Yüksek Lisans Tezi Görüntüleme

Student: Barış Metin TÜZÜNER
Supervisor: Dr. Öğr. Üyesi Oğuzhan ÇAKIR
Department: Elektrik-Elektronik Müh.
Institution: Fen Bilimleri Enstitüsü
University: Karadeniz Teknik Üniversitesi
Title of the Thesis: TIME DIFFERENCE OF ARRIVAL BASED TARGET POSITIONING WITH INTUITIVE OPTIMIZATION METHODS
Level: Yüksek Lisans
Acceptance Date: 17/11/2021
Number of Pages: 78
Registration Number: i3953
Summary:

      Precise location determination is possible using electromagnetic, acoustic, or seismic signals emanating from a target or source and spatially separated receivers.

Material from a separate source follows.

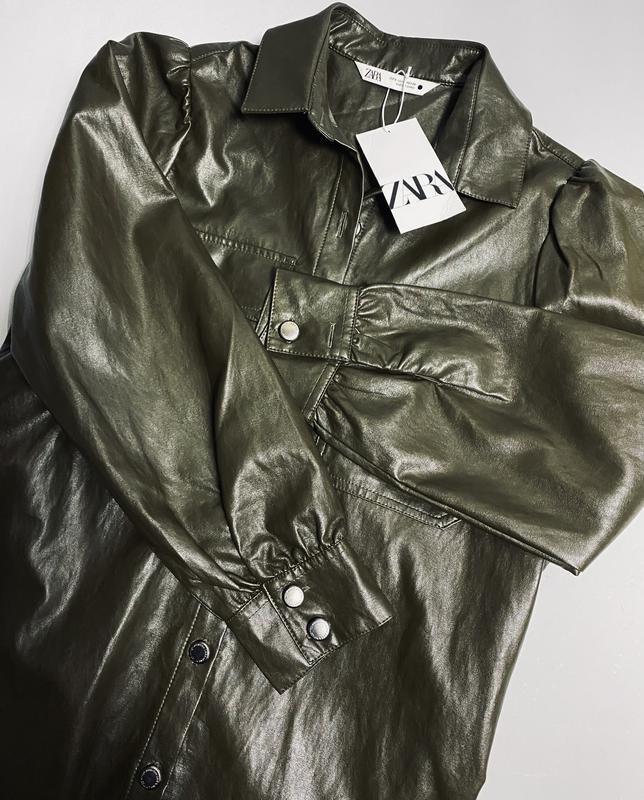 Очень крутое стильное платье в модном фасоне, красивый насыщенный цвет хаки, мягкая качественная плотная эко-кожа, на вид и прикосновение - как натуральная, качественная фурнитура, новое с бирками Можно создать много образов, подойдет под юбки, брюки, плотные колготки, ботфорты, высокие сапоги, можно носить просто как рубашку накидку...

When the strength of the received signal and the ambient attenuation are known, the location circles, which are the central receivers, can be defined and the target can be located at the intersection of these circles. There is no need for transmitter-receiver or receiver-receiver synchronization in position detection with received signal strength (RSS). However, the positioning accuracy of the method is not high. When there is synchronization between the target and the receivers or when the signal emitted from the source is known on the receiving side, it is possible to determine the position of the target with the arrival times. In this technique, the intersection point of the location circles with the receivers in the center gives the transmitter coordinates, as in the location determination with the ASG. The accuracy of the method is high, and it cannot be used in passive radar applications because it requires transmitter-receiver synchronization. On the other hand, target coordinates can be found passively using the time difference of arrivals (TDOA) of the emitted signal from the synchronous receivers located spatially apart from each other. In this masters thesis, the position of a fixed or moving target is passively found by using independent (spherical) and full TDOA sets based fitness functions and heuristic optimization methods. For the first time in this thesis, position detection with independent and full VZF sets was performed using krill herd optimization (KHO), and the quadratic positioning error of KHO was compared with particle swarm optimization and Cramer-Rao lower bound (CRLB). In addition, simulation studies have shown that the convergence speed of the KHO algorithm is higher than PSO, and it has been revealed that the theoretical limit (CRLB) defined for the independent TDOA set can be exceeded with KHO when the full TDOA set is used.